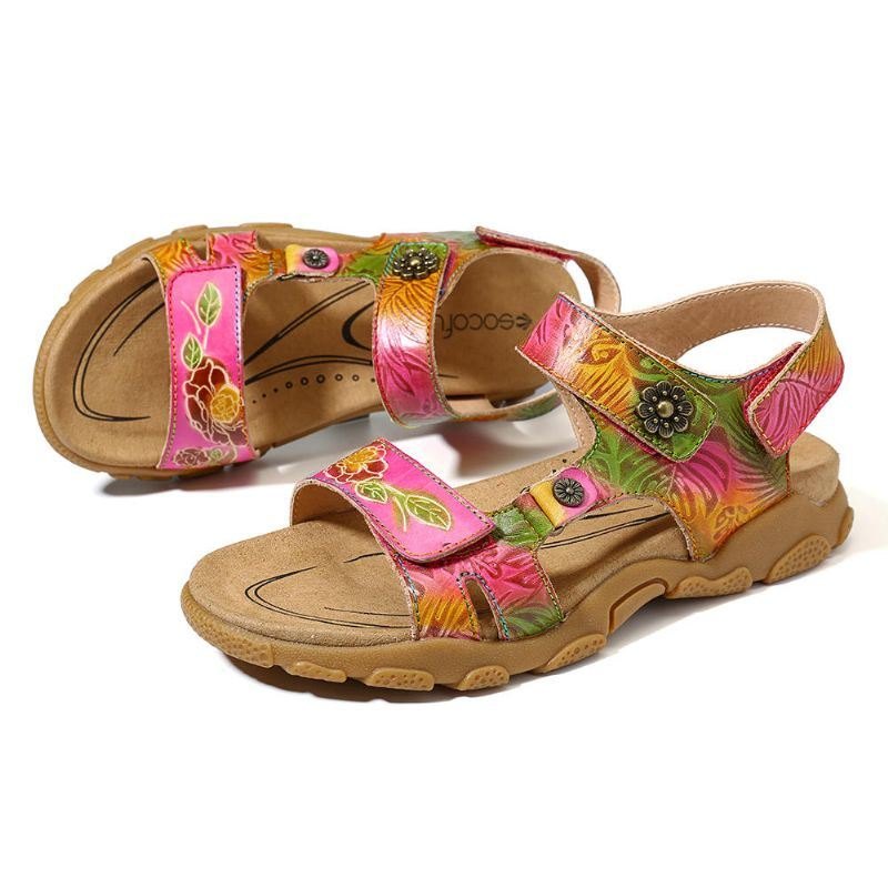 Mykt Håndlaget Mønster Av Ekte Skinn Flate Sandaler For Kvinner
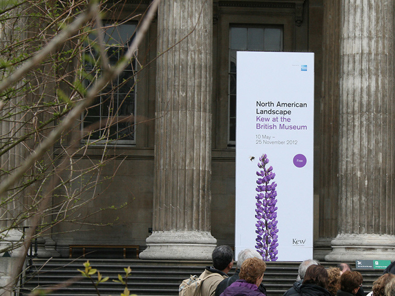 Concept and design of the key visual, advertising campaign, and in-house graphics for a garden exhibition featuring North American plants in the courtyard of the British Museum.
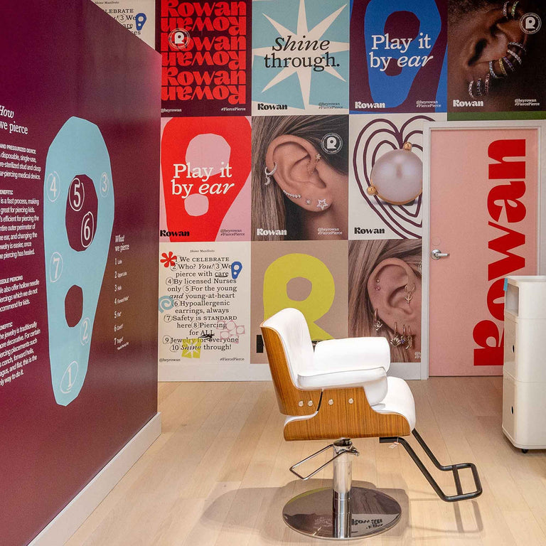 At Rowan, safety is standard. Ear piercings are performed exclusively by a licensed Nurse and our hypoallergenic earrings are made from premium, nickel-free materials. Rowan nurses are trained in creating a stress-free environment, and are experts in the use of PPE and maintaining sterility. They always put the safety of their clients first.
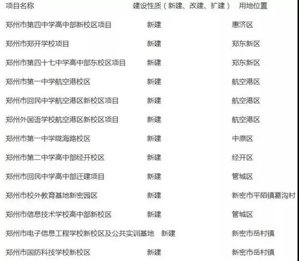 表格中顯示的學校鄭州一中、鄭州外國語學校等知名中學的新校區(qū),家里有孩子該上學的朋友趕緊看看你家附近有沒有學校要新建!
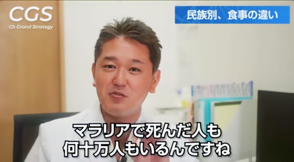 理由は日本にはマラリアなどないからです。東南アジアの人たちはマラリアに罹っても死なないという遺伝子を持っている人たちだけで生き残っているのです。
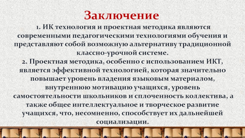 2. Проектная методика, особенно с использованием ИКТ, является эффективной технологией, которая значительно повышает уровень владения языковым материалом, внутреннюю мотивацию учащихся, уровень самостоятельности школьников и сплоченность коллектива, а также общее интеллектуальное и творческое развитие учащихся, что, несомненно, способствует их дальнейшей социализации.
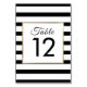 Klassiskt randigt bröllopsbordnummer med falskt guldbladsram och en klassisk svart-vit randig bakgrund. Dessa eleganta bröllopsbordnummer har en elegant falsk guldbladsram runt ditt bordnummer i chic typografi. Designad av Thisisnotme©
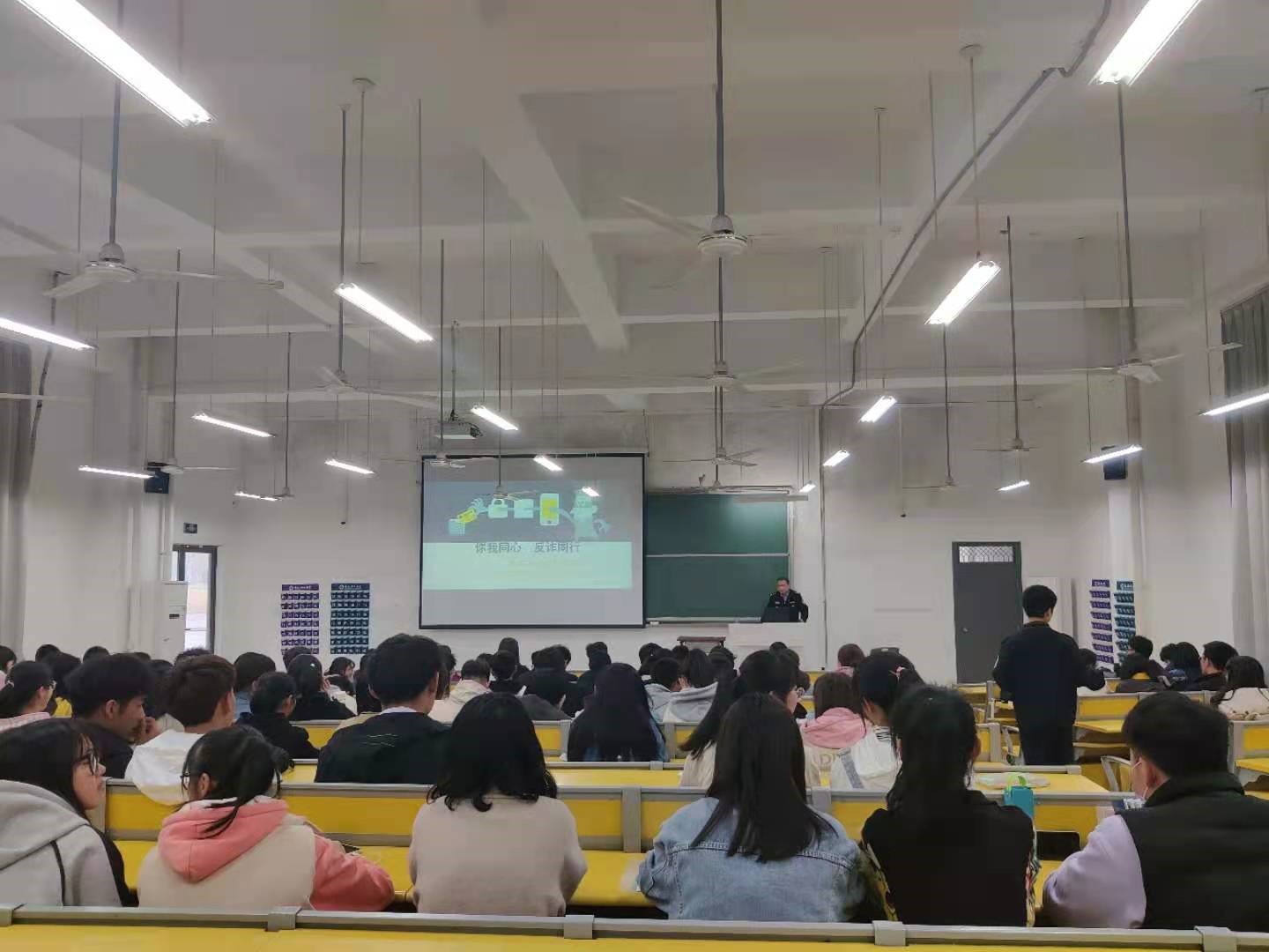 邀请淮南市公安局反电诈中心三级警长井曜,在天工103教室开展“你我同心,反诈同行”主题防诈骗宣传讲座。讲座由学院辅导员胡豪杰主持,学院共计200名学生参与此次讲座。
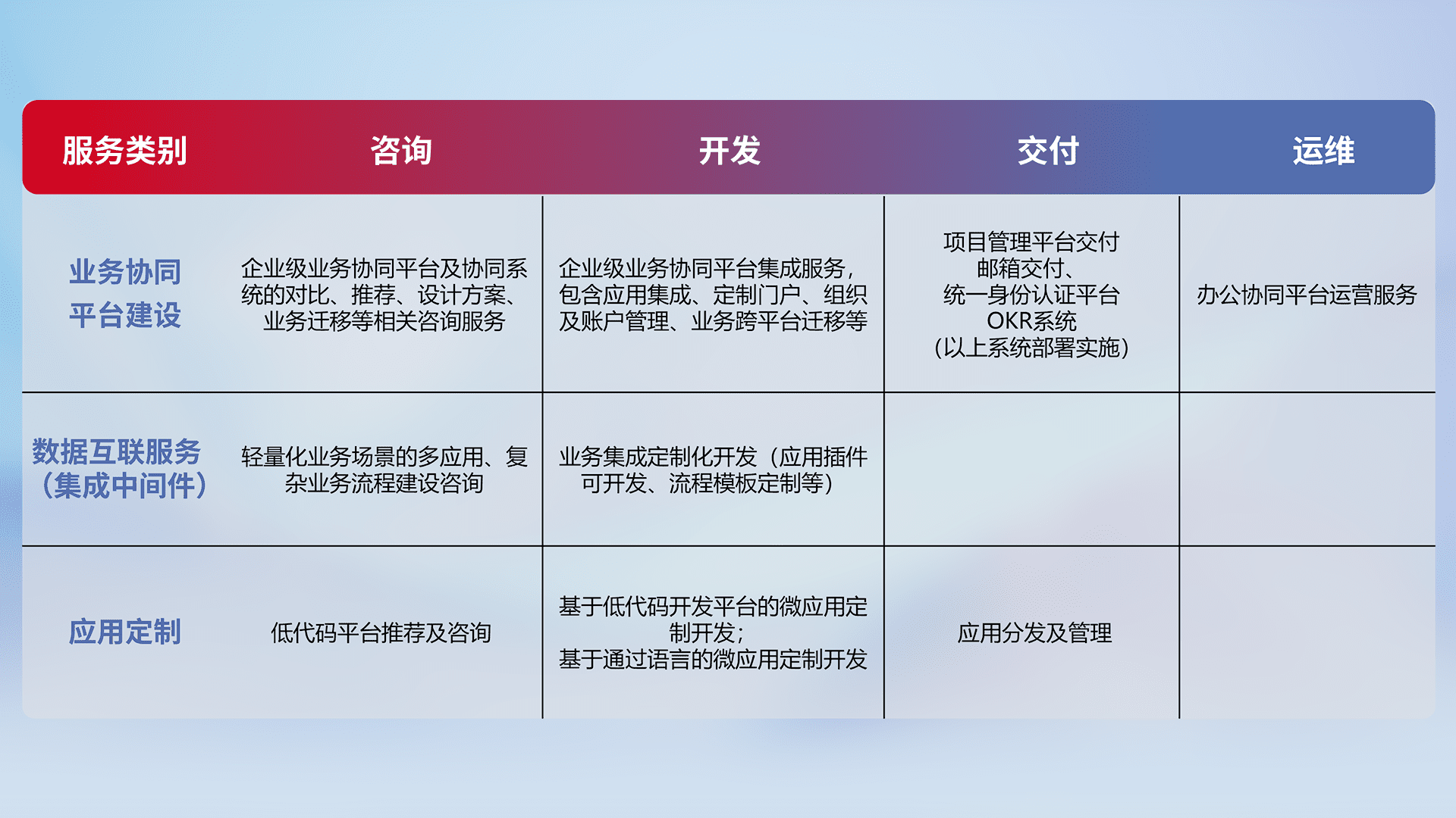针对钉钉、、企微、、、IDaas等平台级产品提供产品的规划、、、方案、、、交付、、定制化开发等服务,,,,实现如统一协同办公、、、智能客户服务、、、、混合会议管理、、、智能数据查询、、、、等业务场景,,,实现数字化转型。。。
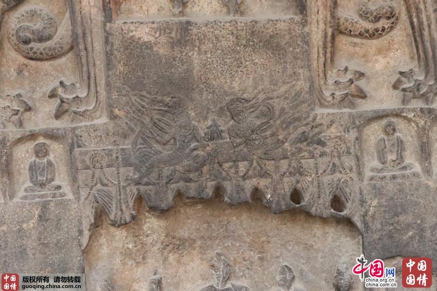 唐垂拱二年智珉造像碑佛说法像龛龛楣雕飞天两躯

- **TASK TO CARRY OUT**
What is needed is an exact copy of each line from the top of the data above through the line containing "理由は日本にはマラリアなどな", with no pictures.

- **TASK RESULT**
 Mykt Håndlaget Mønster Av Ekte Skinn Flate Sandaler For Kvinner
 Concept and design of the key visual, advertising campaign, and in-house graphics for a garden exhibition featuring North American plants in the courtyard of the British Museum.
 At Rowan, safety is standard. Ear piercings are performed exclusively by a licensed Nurse and our hypoallergenic earrings are made from premium, nickel-free materials. Rowan nurses are trained in creating a stress-free environment, and are experts in the use of PPE and maintaining sterility. They always put the safety of their clients first.
 表格中顯示的學校鄭州一中、鄭州外國語學校等知名中學的新校區(qū),家里有孩子該上學的朋友趕緊看看你家附近有沒有學校要新建!
 理由は日本にはマラリアなどないからです。東南アジアの人たちはマラリアに罹っても死なないという遺伝子を持っている人たちだけで生き残っているのです。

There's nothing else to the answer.